Environmental Volatility and the Massive 11% Difficulty Retarget
Compounding the economic misery, the North American mining heartland—particularly Texas—has been battered by a series of severe winter storms that forced industrial-scale operators to curtail their energy consumption to protect the residential grid. These mandatory power shutdowns, combined with the permanent exit of unprofitable miners, resulted in a historic eleven percent downward difficulty adjustment on February 9. While a drop in difficulty typically serves as a “safety valve” to restore profitability for those who remain online, the sheer scale of the current price decline has neutralized most of these gains. The industry’s “Miner Profit and Loss Sustainability Index” has sunk to twenty-one, a level that reflects the total exhaustion of profit margins for all but the most efficient, low-cost operators. For many firms running outdated rigs or paying more than five cents per kilowatt-hour for electricity, the recent “difficulty lifeline” is simply too little, too late to prevent a full-scale operational halt.

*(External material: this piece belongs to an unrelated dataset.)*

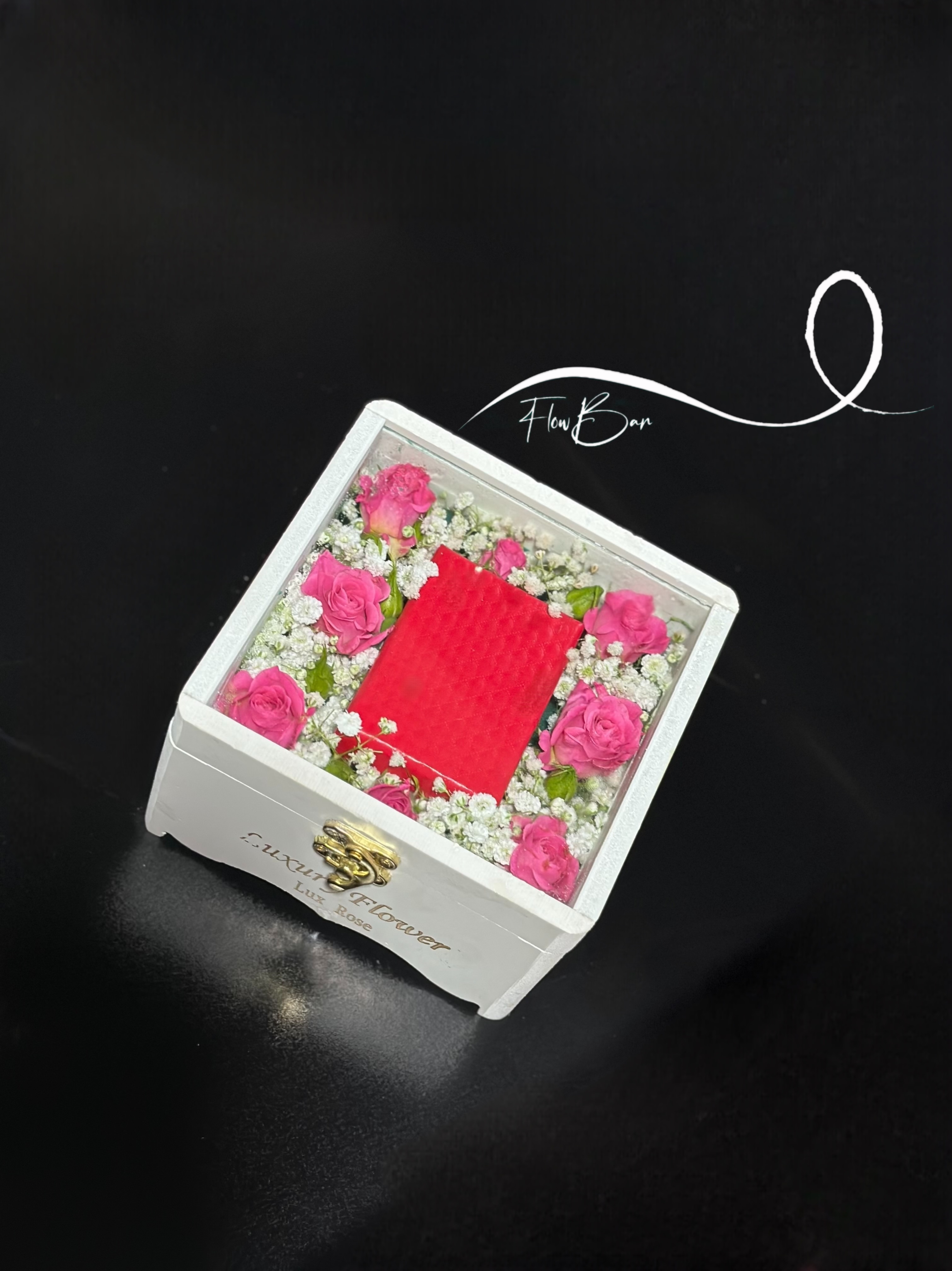 گل آرایی باکس حلقه عروس فلوبار

The Great Pivot Toward Artificial Intelligence and High Performance Computing
In a strategic shift to survive the “mining winter” of 2026, many of the largest players are aggressively repurposing their data center infrastructure to support the booming Artificial Intelligence (AI) and High-Performance Computing (HPC) markets. Firms like IREN and Core Scientific have already begun converting portions of their power capacity to host generative AI workloads, which offer much steadier, long-term revenue contracts compared to the volatile daily block rewards of the Bitcoin network. This trend has accelerated significantly in early February, with Bitfarms recently announcing a complete exit from Bitcoin mining to focus exclusively on its new AI-centric identity. By diversifying away from pure-play mining, these companies are attempting to decouple their stock performance from the “Trump Trade” reversal that has dominated the digital asset landscape. As the industry consolidates, the survivors are likely to be those who view their massive energy footprints as multi-purpose computational hubs rather than just tools for securing a single blockchain.